Frank continues, “In
the late summer of 2000 I got curious about the Hasselblad
XPan panoramic camera. It looked
to me like you take a Leica M6, marry it to a Widelux, and
you have a rangefinder camera that shoots incredibly sharp
24x65mm images on 35mm film. Now I have three lenses for
the Xpan: 30mm, 45mm and 90mm. As I love the square format
of the 500 series, I’ve found I also enjoy the cinematic
view of the panoramic. It’s everything the square is
not, the two formats complement each other very well. So
I carry the XPan system as my other ‘point and shoot’ camera.”
Nowadays
Frank Jackson lives and works out of a loft studio in downtown
Los Angeles. He uses a Durst enlarger with a
diffusion head that provides stepless black-and-white contrast
control for variable-contrast papers—of which Frank
likes Ilford. He’s graduated to a Jobo rotary processor,
which simplifies life. When he mentioned that he hardly ever
dodges or burns-in while printing, I asked how he managed
that. He responded, “I’ve used various black-and-white
films and developers and years ago switched to T-Max 100
films. I eventually discovered a Kodak XTOL Developer for
them. I also use it with Fuji Neopan 1600 black and white.
“
I once used a spot meter and gave it up because my incident
meter worked fine by itself. To get negatives with a full
range of tones that print at contrast levels from one to
four with a minimum of burning- in or dodging, I meter carefully
and don’t overexpose. I develop in Xtol, which has
a citric acid base and is used 1:2. It keeps for months.

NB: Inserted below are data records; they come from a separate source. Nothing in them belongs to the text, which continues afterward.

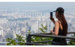 25일 서울 남산에서 관광객이 전경을 촬영하고 있다. 뉴스1 최근 서울 아파트값 상승세가 마포·성동·광진 등 ‘한강벨트’를 중심으로 가열되고 있는 가운데 이 지역 경매에서도 고가 낙찰이 속출하고 있다. 28일 지지옥션에 따르면 지난 15일 서울동부지…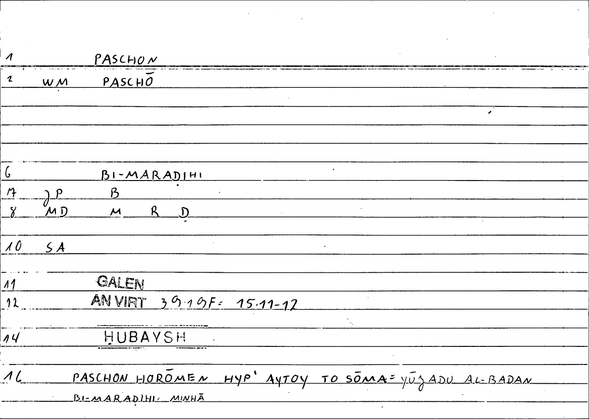 Glossary: πάσχω مرض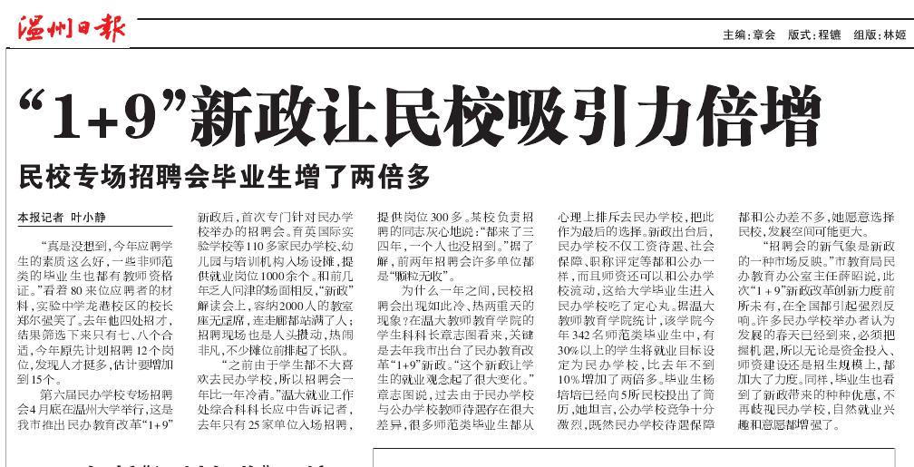 的学生科科长章志图看来,关键是去年我市出台了民办教育改革“1+9”新政。“这个新政让学生的就业观念起了很大变化。”章志图说,过去由于民办学校与公办学校教师待遇存在很大差异,很多师范类毕业生都从心理上排斥去民办学校,把此作为最后的选择。新政出台后,民办学校不仅工资待遇、社会保障、职称评定等都和公办一样,而且师资还可以和公办学校流动,这给大学毕业生进入民办学校吃了定心丸。据温大教师泥巴影院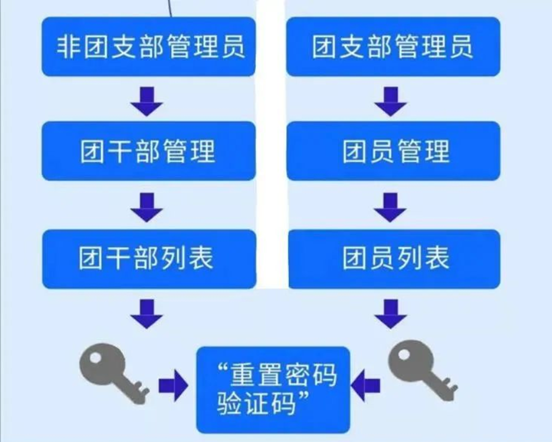 需要让本级或者直属上级组织管理员提供“重置密码验证码”(非团支部管理员查看团干部管理——团干部列表——钥匙小图标;团支部管理员查看团员管理——团员列表——钥匙小图标),拿到“重置密码验证”码后打开系统首页选择“忘记密码”,按照页面提示操作即可。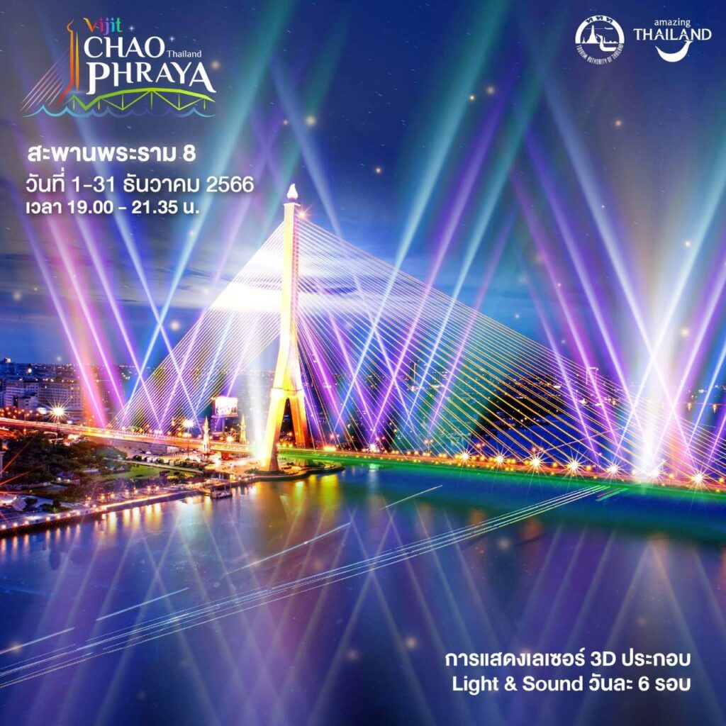 - สะพานพระราม 8 พบกับการแสดงเลเซอร์ 3D ประกอบ Light & Sound วันที่ 1-31 ธันวาคม 2566 วันละ 6 รอบ เวลา 19.00 – 21.35 น.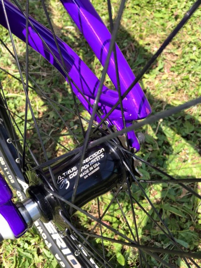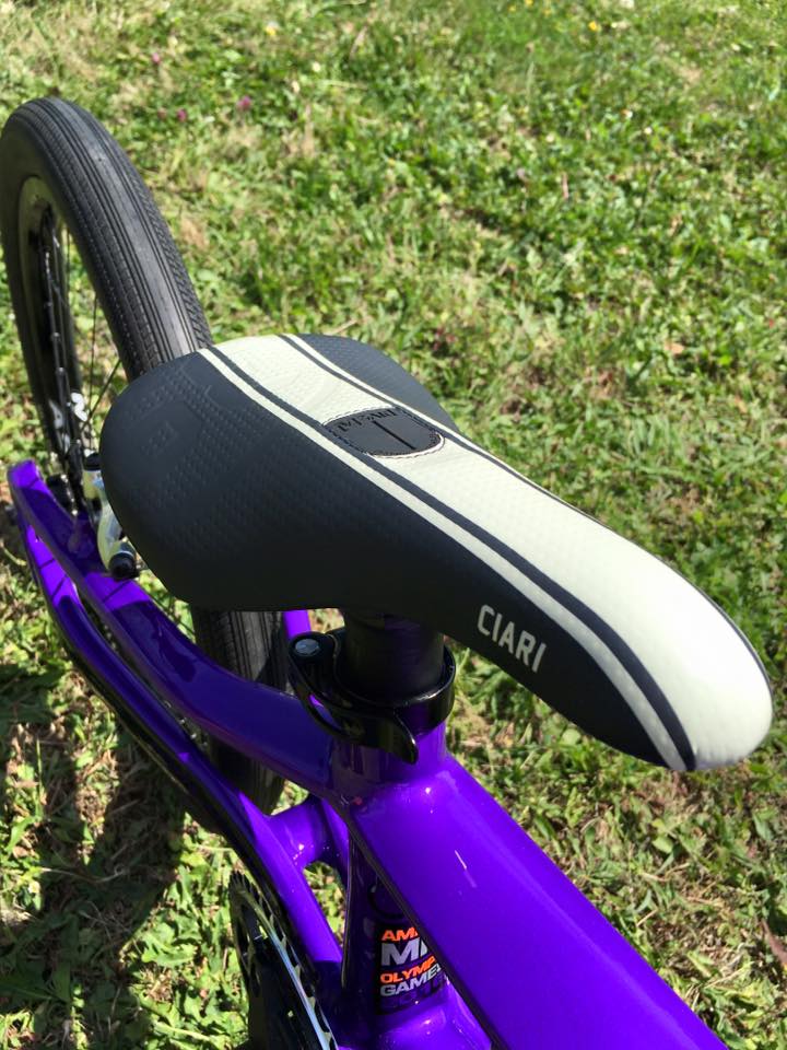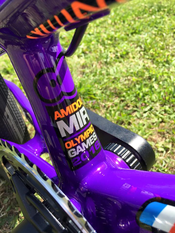 We’re not sure of the brand rims Amidou has but we do know he’s rolling on Stealth hubs and Tioga Power block tires. For the drive train a fresh set of BOX cranks, BOX chain ring and these cool purple HT Component pedals with his Amidou’s name on them. In one of the photos you can see the unique bend of the SUNN frame, the bike definitely looks tricked out!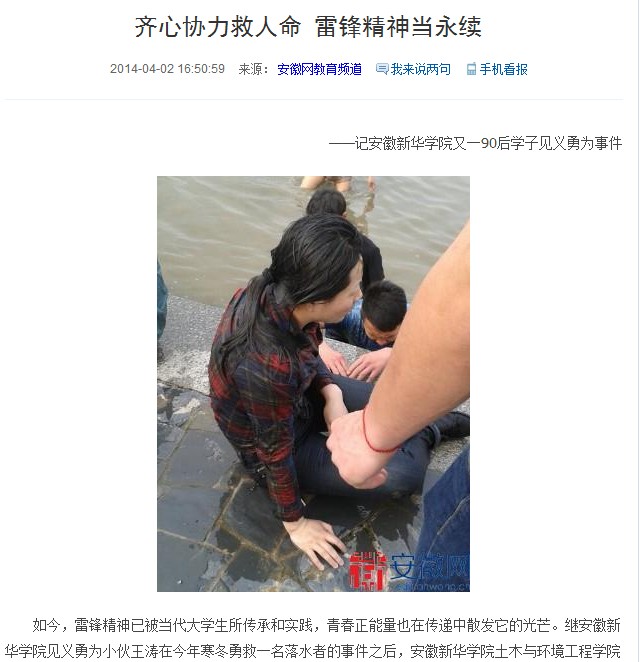 安徽网:齐心协力救人命 雷锋精神当永续——记BB贝博艾弗森官方网站又一90后学子见义勇为事件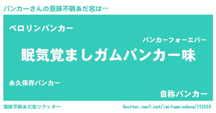 | ヘコむあだ名 | 『バンふぇ~』『酢こんぶ』『バンを』 |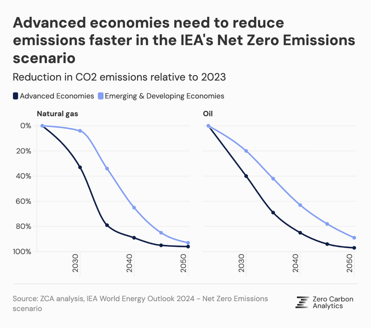- Advanced economies need to reduce emissions from oil by 40% by 2030, compared to 20% for emerging and developing economies. For gas, the difference is even greater, with a 33% reduction for advanced economies and a 4% reduction for emerging economies.

Xtol and T-Max are synergistic. As I learned the nuances
of exposure, processing and printing my own black- and-white
photos, I’ve also learned to understand lights better,
and I’m also shooting better color photographs.”
As
involved in black-and-white film techniques as Frank seems
to be, I hesitated to ask about his adventures with digital
shooting and scanning. “It’s great,” he
says, “and it’s a lot more convenient for commercial
work. If you have a calibrated monitor on your laptop, you
can preview accurate images. I scan negatives on an Epson
3200 Pro that comes with a powerful program called Silverfast.
I’m also using the ConeTech Piezography black-and-white,
archival, carbon-pigment ink printing system. But for fine
photography there are no full frame digital medium format
cameras, so I stay with film.”
Frank’s unusual
images have been exhibited at various galleries, most recently
at the Open Shutter Gallery in Durango,
CO. He made more than 60 prints for that exhibition that
weighed 100 pounds when he sent them. The show was in two
sections. The larger one was titled “Pursuit of Balance,” and
the smaller one, all from the XPan Hasselblad, was called “Waiting.”
A
few other things I learned about Frank Jackson:
•
He did an eight-hour shoot with singer Stevie Wonder. Frank
says Stevie has his own concept of time, so during a lot
of the assignment, Frank waited for his subject.
•
Frank has several 4x6-inch and 5x7-inch 36-print portfolios
that he shows clients or gallery personnel. Some of these
images are on the Hasselblad web site. Most creative art
directors, buyers and gallery people find the miniature portfolios
a pleasant surprise.
•
Though Frank seemed somewhat other-worldly to me at first,
I was de-lighted to learn that for Arelli, a client that
makes high-end tire rims, he rented a 6000-square-foot studio
and high-wattage Mole-Richardson lights to do ad pictures
for them. He shot Kodak E6 tungsten film and remarks, “Those
were the days that I had a color temperature meter.”
•
Frank still owns a Nikon FM2 but doesn’t shoot 35mm
often. He’s in love with his Nikon 28TI, a small, sophisticated,
point-and-shoot camera that Nikon no longer makes.
Frank
Jackson is versatile, his jobs come up with happy endings,
and his unique fine art images can be seen on www.fotographz.com/.
Lou Jacobs Jr. is the author
of 25 how-to photography books, the latest of which,
Photographer’s
Lighting Handbook (Amherst Media) was recently published.
He has taught at
UCLA and Brooks, is a longtime member of ASMP, and enjoys
shooting stock during his travels in the U.S. and abroad.